The GayWeddingGear.com Blog

April 19, 2013

Do You Invite People Who Voted Against Gay Marriage to Your Wedding?

One thing that constantly bugs me about getting married and helping other people plan their gay weddings is what to do about inviting people who voted against gay marriage to your wedding.  I have family members, including one who helped raise me, that I love and that is part of my life who voted against it.  If I get married and he isn’t invited, he would be hurt more than anything.  At the same time, he voted for me not to have the right to get married, what do you do?  Here are a few other examples and how I handle them.  You’ll need to make your own decisions and I would love your comments and feedback below.

Do you invite family members who voted against gay marriage to your gay wedding?

Trying to figure out if you should invite family members who voted against gay marriage to your gay wedding is one of the hardest ones to figure out.  Yes, they tried to stop you from marrying the person you love, but if you care about them and they care about you, your wedding won’t be the same without them.  When I’m talking to other people, here is what I go over with them and what I’ll have to think about with my own wedding.

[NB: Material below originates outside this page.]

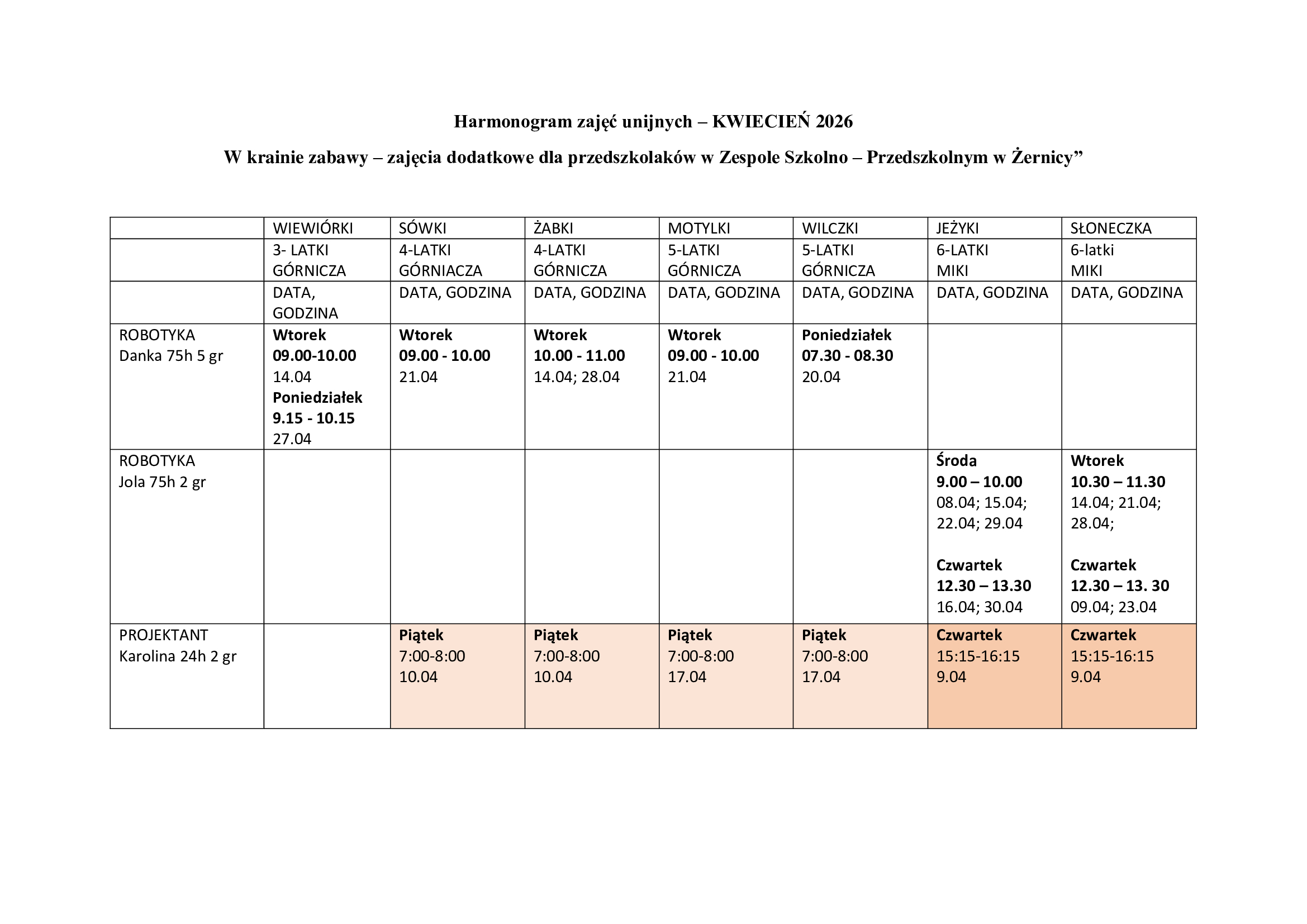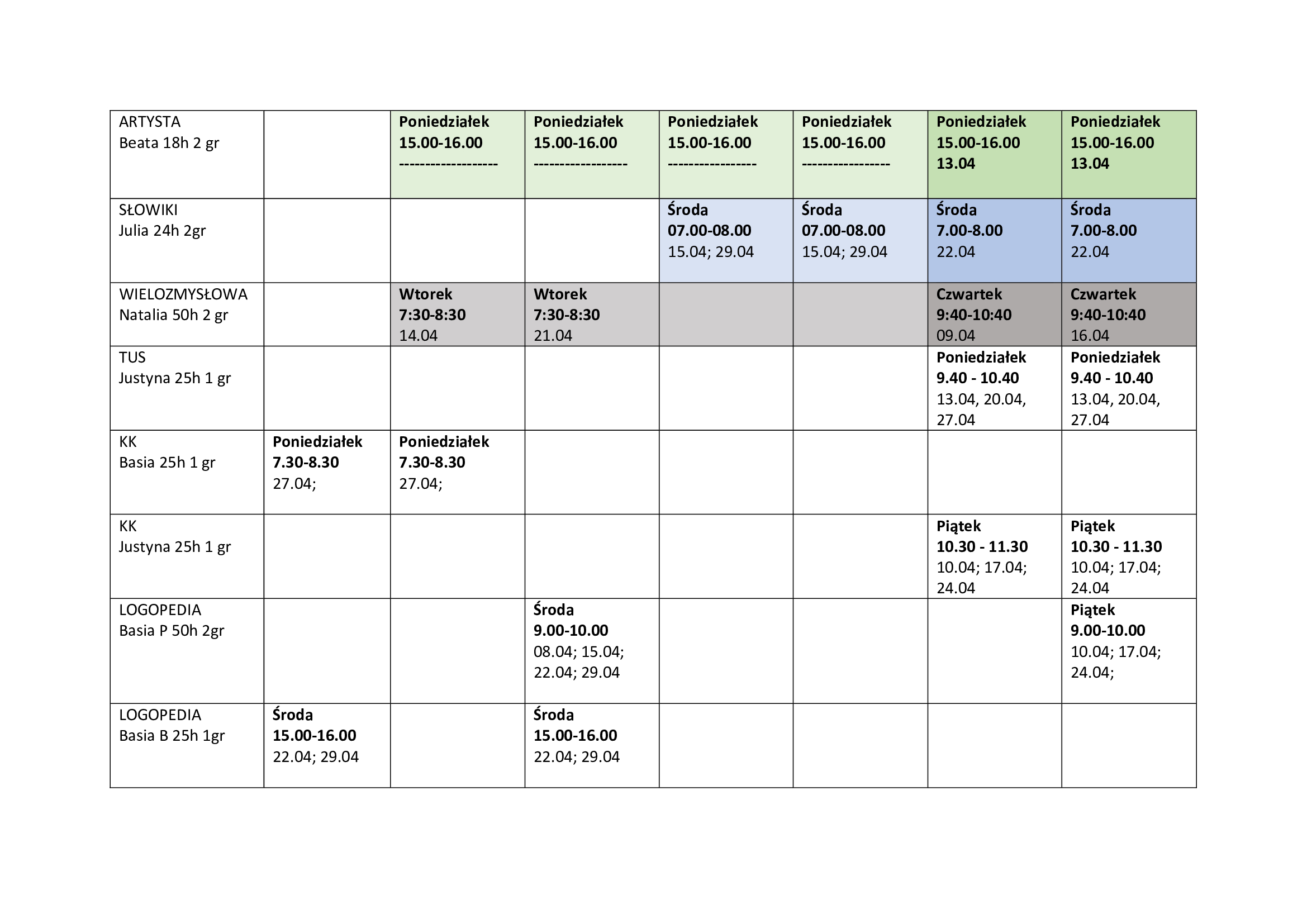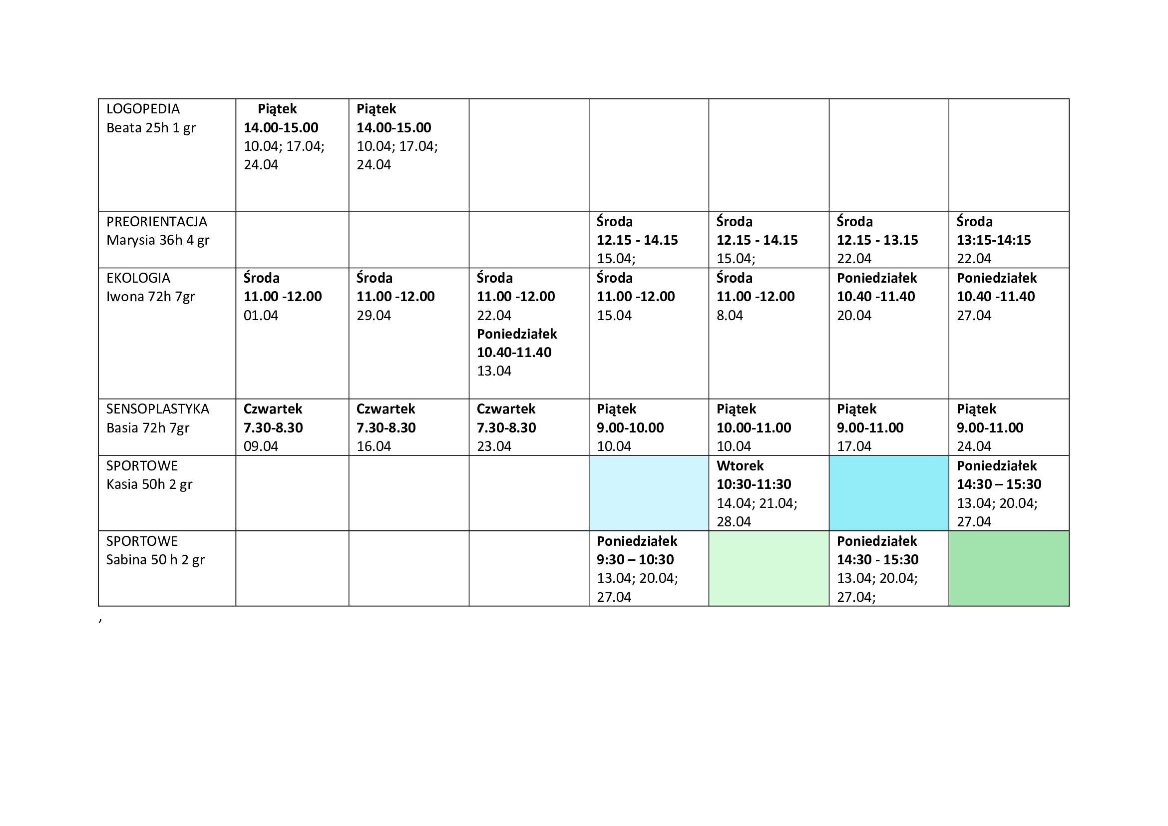 – 13.04, 14.04 – odwołane zajęcia sprawnościowo – zdrowotne w grupach Wilczki, Słoneczka;

  1. Can the person behave and be ok with gay people around, you kissing your partner and sitting through something they are/were opposed to?
  2. Could seeing an actual gay wedding help them to understand that there is nothing wrong with gay people getting married and that their opinion was flawed or incorrect?
  3. Is their Husband or Wife pro gay marriage and will it effect his or her ability to come?  Will they be offended or be put in an awkward position if both aren’t invited?
  4. Can you honestly be happy with yourself knowing someone you love, that’s in your family and that helped raise you is not invited to the most important day of your life?
  5. Are you going to feel like something is missing because you didn’t invite them in your wedding photos when you see they aren’t there?  Even if they say no, at least you tried and may not feel as bad.
  6. If they say no and do not come, will it effect your opinion of them and can that feeling of rejection be repaired?  This goes two ways.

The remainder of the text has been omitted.